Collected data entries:
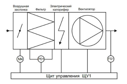 - М1 - приточный трехфазный вентилятор, питание 380 В;
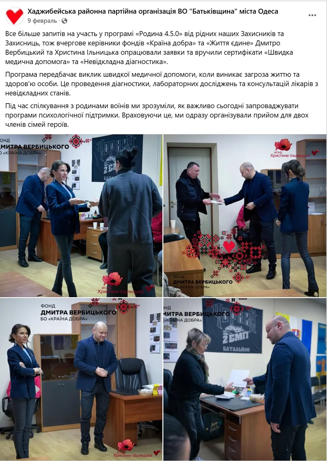 Відомо, що Вербицький в одеську «Батьківщину» вступив не сам — він інтегрував туди всю свою родину: його цивільна дружина Крістіна Ільницька очолила молодіжну організацію партії. Син Ільницької, Нікіта, також бере активну участь у партійних заходах.
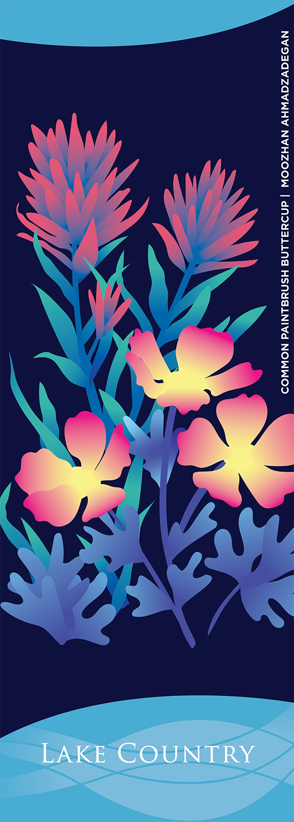 Image ![]() | Artwork title: Common Paintbrush Buttercup Artist: Moozhan Ahmadzadegan Artist Statement: I am a local artist and attempt to create work that engages themes of place and identity. This digital artwork is a stylized depiction of the Buttercup and Common Paintbrush flora, plants native to the Okanagan. |
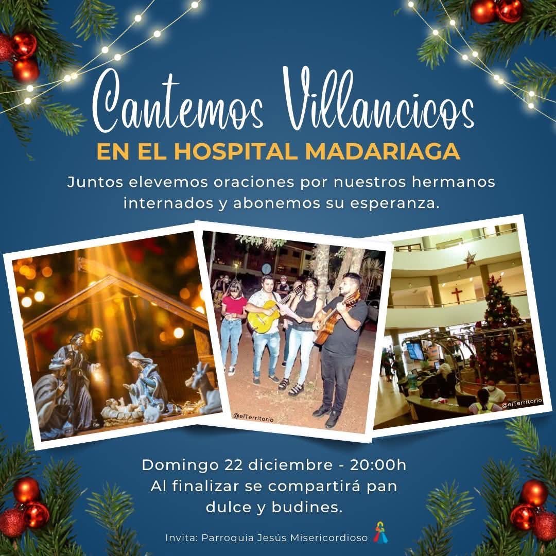Este domingo 22 de diciembre, a las 20:00 horas, la Parroquia Jesús Misericordioso invita a todos a unirse en un acto de solidaridad y esperanza en el Hospital Madariaga. La propuesta es compartir una emotiva velada de villancicos, elevando oraciones por los hermanos internados y brindando un mensaje de aliento en estas fiestas.
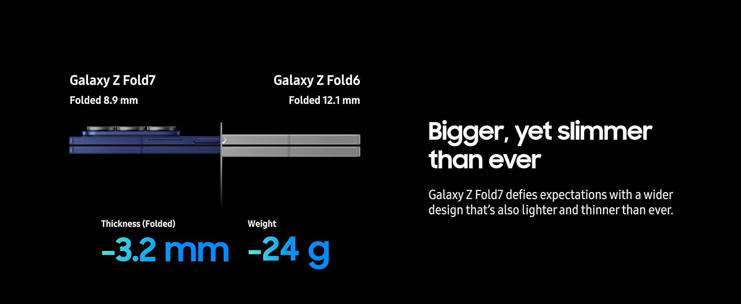 BIGGER, YET SLIMMER THAN EVER: Who would’ve guessed that wider could also be lighter? The design of Galaxy Z Fold7 is refined to feel like a traditional smartphone with its expanded cover display.
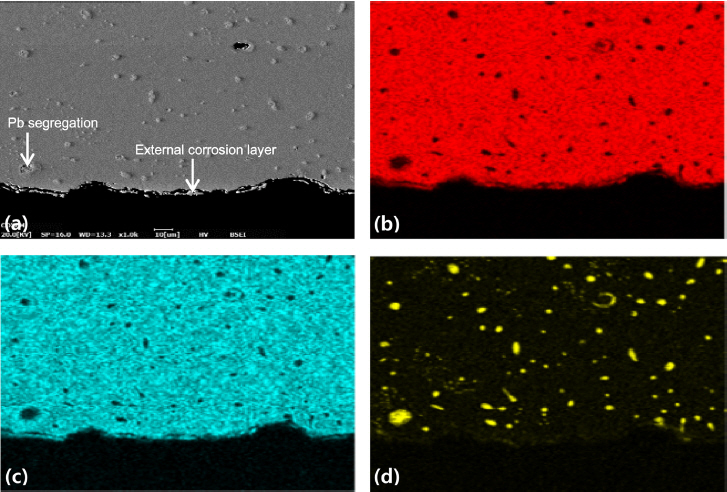 달리 부식실험에서는 조직 내부의 Pb 이온이 빈 공간으로 이동과 환원할 수 있는 분위기로 전환되지 않아 Pb 계열 부식생성물 형성에 어려움이 있는
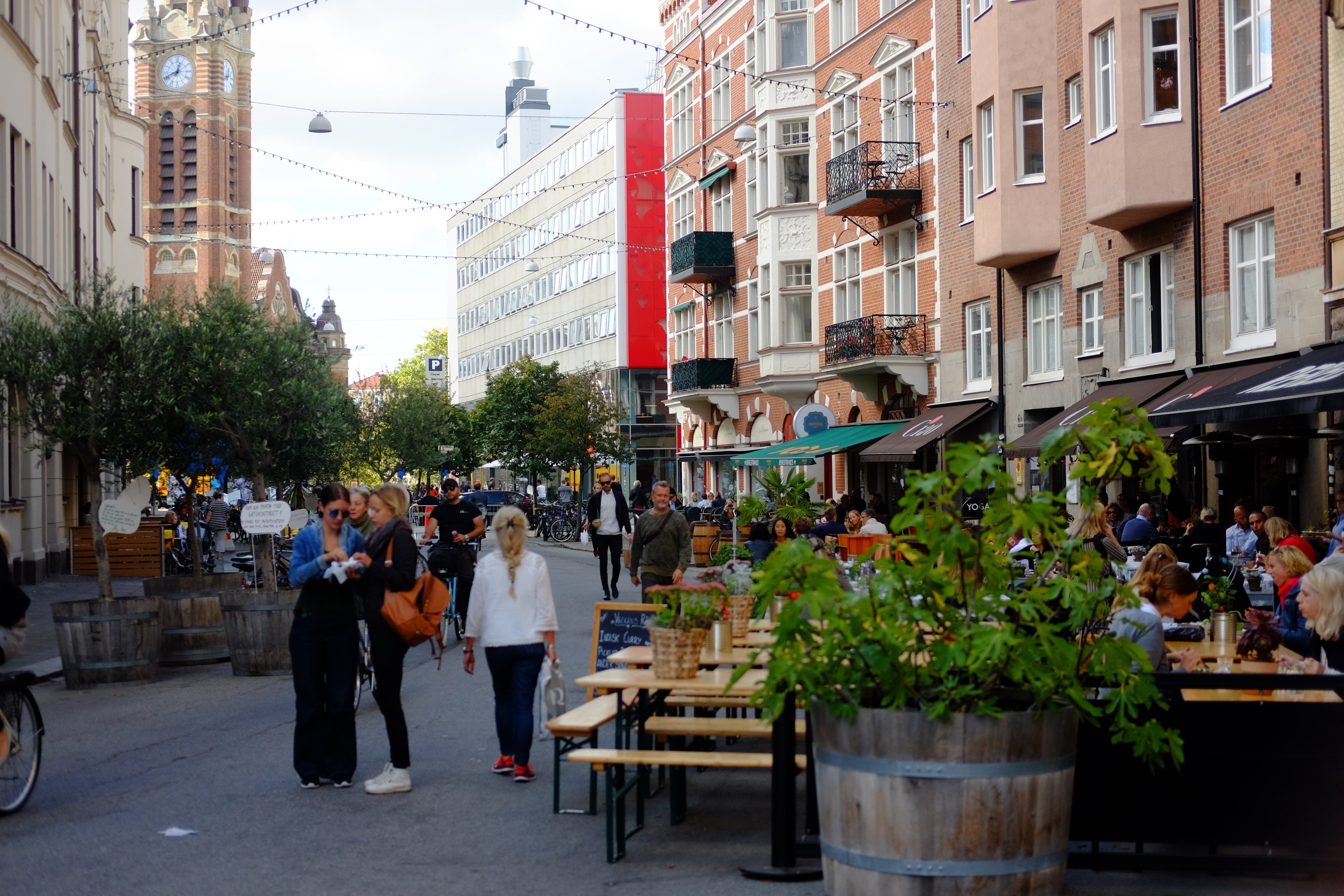 Malmö hatte bereits erste Erfahrungen mit temporären Designelementen im Straßenraum gesammelt (beispielsweise im Rahmen des Parking Day). Hierbei ist immer deutlich geworden, wie wichtig es ist, gleich zu Beginn den gesamten neu entstandenen Platz in die Planungen einzubeziehen. Denn ein paar Stühle oder ein einzelnes Sofa gehen schnell im Straßenraum unter, so dass der gewünschte Effekt ausbleibt. Außerdem wurden Geschäfte, Cafés und Restaurants, die in der Straße angesiedelt sind, von Anfang an in den Designprozess eingebunden. Auf Wunsch konnten sie den freigewordenen Platz auf der Straße für ihre Zwecke nutzen – ein Angebot das sehr gerne angenommen wurde. Sowohl Kundinnen und Kunden als auch Ladenbesitzende empfanden die neu entstandenen Freiflächen als Bereicherung.

* _WHAT THE EXERCISE ASKS_: How would the lines above read from the one with "Відомо, що Вербицький" to the one with "Image ![]() |", inclusive, with no pictures? Write them out exactly.

* _TASK OUTPUT_:
 Відомо, що Вербицький в одеську «Батьківщину» вступив не сам — він інтегрував туди всю свою родину: його цивільна дружина Крістіна Ільницька очолила молодіжну організацію партії. Син Ільницької, Нікіта, також бере активну участь у партійних заходах.
 Image ![]() | Artwork title: Common Paintbrush Buttercup Artist: Moozhan Ahmadzadegan Artist Statement: I am a local artist and attempt to create work that engages themes of place and identity. This digital artwork is a stylized depiction of the Buttercup and Common Paintbrush flora, plants native to the Okanagan. |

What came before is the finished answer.